Pembunuhan di antara Dua Fragmen Kasih Sayang

80 views

Siang itu, Martin tengah mengaduk kopi keduanya ketika datang kabar kematian istrinya. Ia mati digorok tetanggamu yang janda itu, saudaranya berkabar melalui telepon. Martin bingung, kepalanya sibuk mengurai berita itu menjadi kepingan-kepingan yang mudah dicernanya. Tapi, betapapun kerasnya ia memikirkan beragam kemungkinan, pertanyaan ini tak juga terjawab: Bagaimana bisa?

“Pulanglah. Jasadnya sudah dibawa ke rumah sakit Citra Kasih.”

Advertisements

“Lalu, bagaimana dengan Sari?”

“Pembunuhnya maksudmu? Bodoh, tentu di kantor polisi.”

Saudaranya lantas menutup telepon begitu Martin bilang akan langsung pulang. Dan itulah yang ia lakukan. Setelah bilang ada urusan mendadak, Martin akhirnya bisa keluar dari kantornya yang berada di lantai lima sebuah gedung. Kepergiannya tentu tak mudah, sebab ia mesti terlebih dahulu meyakinkan atasannya bahwa proyek iklan yang tengah digarapnya akan selesai malam ini juga. Masalahnya, ia tak tahu malam nanti ia punya tenaga untuk menggarapnya lagi atau tidak. Berita itu datang terlalu tiba-tiba, dan kedatangannya teramat menyentaknya. Bagaimana bisa? Ia mengulang pertanyaan itu lagi.

Bodoh, kenapa kau terlalu gegabah? rutuknya dengan kesal.

Martin memutar setirnya. Alih-alih mengendarai mobilnya ke jalan yang menuju ke rumah sakit Citra Kasih, Martin justru membelokkan mobilnya ke jalurnya yang berbeda. Ia akan ke kantor polisi terlebih dahulu.

***

Setelah keluar dari penjara dan pulang ke rumah hanya untuk mendapati suaminya tengah bergelung dengan perempuan lain, Sari tahu bahwa saat itu adalah waktu yang tepat untuk meminta cerai pada suaminya.
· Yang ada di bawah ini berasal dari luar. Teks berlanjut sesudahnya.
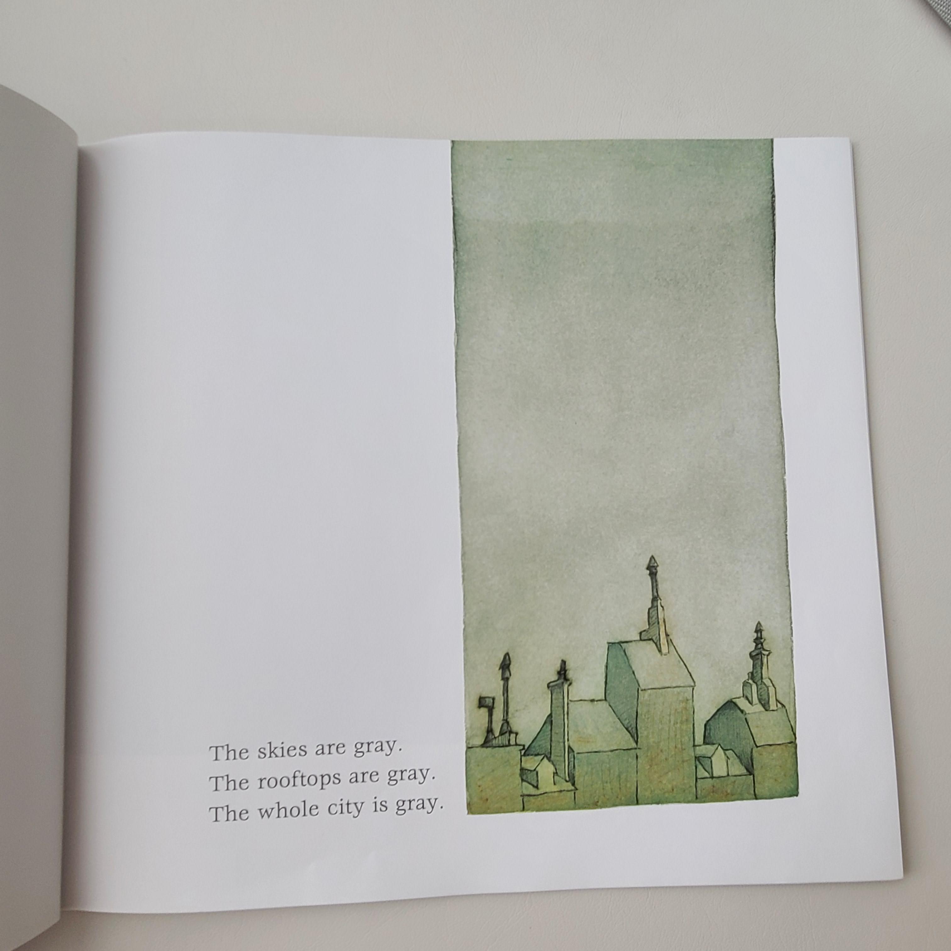책은 회색빛 도시, 회색 지붕, 온통 회색인 도시의 모습으로 그리 밝지 않게 시작돼요.

Ya, aku pun tak mau punya istri pembunuh sepertimu, kata suaminya ketika Sari mengatakan keinginannya. Lalu, dua minggu kemudian, setelah ia sah menjadi seorang janda, oleh orangtuanya, Sari dibawa pulang ke rumah.
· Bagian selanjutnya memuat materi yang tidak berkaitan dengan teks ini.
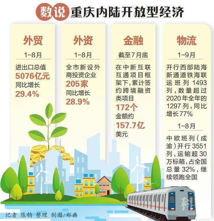 向西,今年前8个月,中欧班列(成渝)累计开行3551列,运输超30万标箱,占全国总量32%,继续领跑全国。
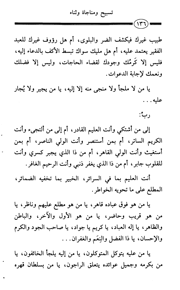 إلى من أشتكي وأنت العليم القادر، أم إلى من ألتجئ وأنت الكريم الساتر، أم بمن أستنصر وأنت الولي الناصر، أم بمن أستغيث وأنت الولي القاهر، أم من ذا الذي يجبر كسري وأنت للقلوب جابر، أم من ذا الذي يغفر ذنبي وأنت الرحيم الغافر.
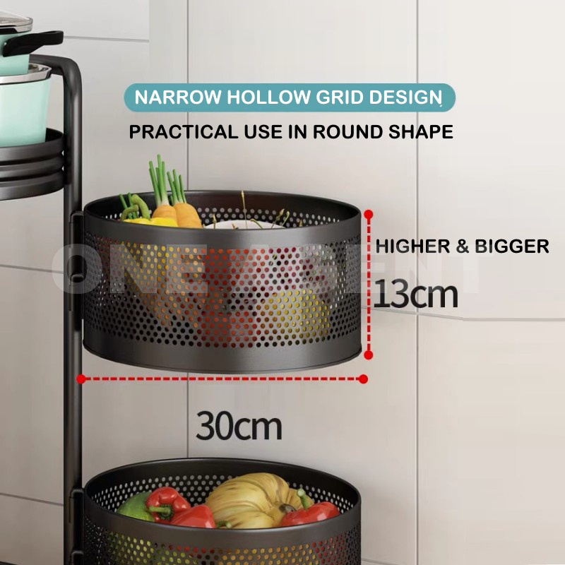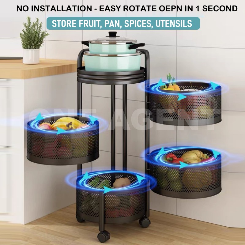 Round fruits storage basket 360 degree rotation vegetable storage rack kitchen floor storage rack

“Ingat, Nak. Kamu tidak salah. Suamimu yang selingkuh,” ucap ibunya.

“Tidak, Bu. Aku pembunuh! Aku membunuh anakku sendiri!” Sari menangis tergugu.
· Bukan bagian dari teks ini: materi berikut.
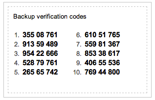 We recommend you store your codes wherever you keep your other valuable items. Like the codes on your phone, backup codes are only valuable to someone if they manage to also steal your password.
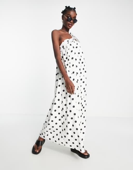 River Island polka dot one shoulder maxi dress in white

Di bahu ibunya, Sari berurai air mata. Bayangan anaknya yang menggelepar di jalan dan bergelimang darah memenuhi kepalanya. Ingatan itu masih jelas, sepekat darah yang membanjir dari kepala anaknya. Dan bila begini, Sari hanya bisa menyalahkan dirinya atas kecelakaan itu. Anaknya yang dulu masih balita itu meninggal karena kelalaiannya, itu sudah jelas. Itu pula alasannya ia bisa didakwa bersalah oleh kepolisian.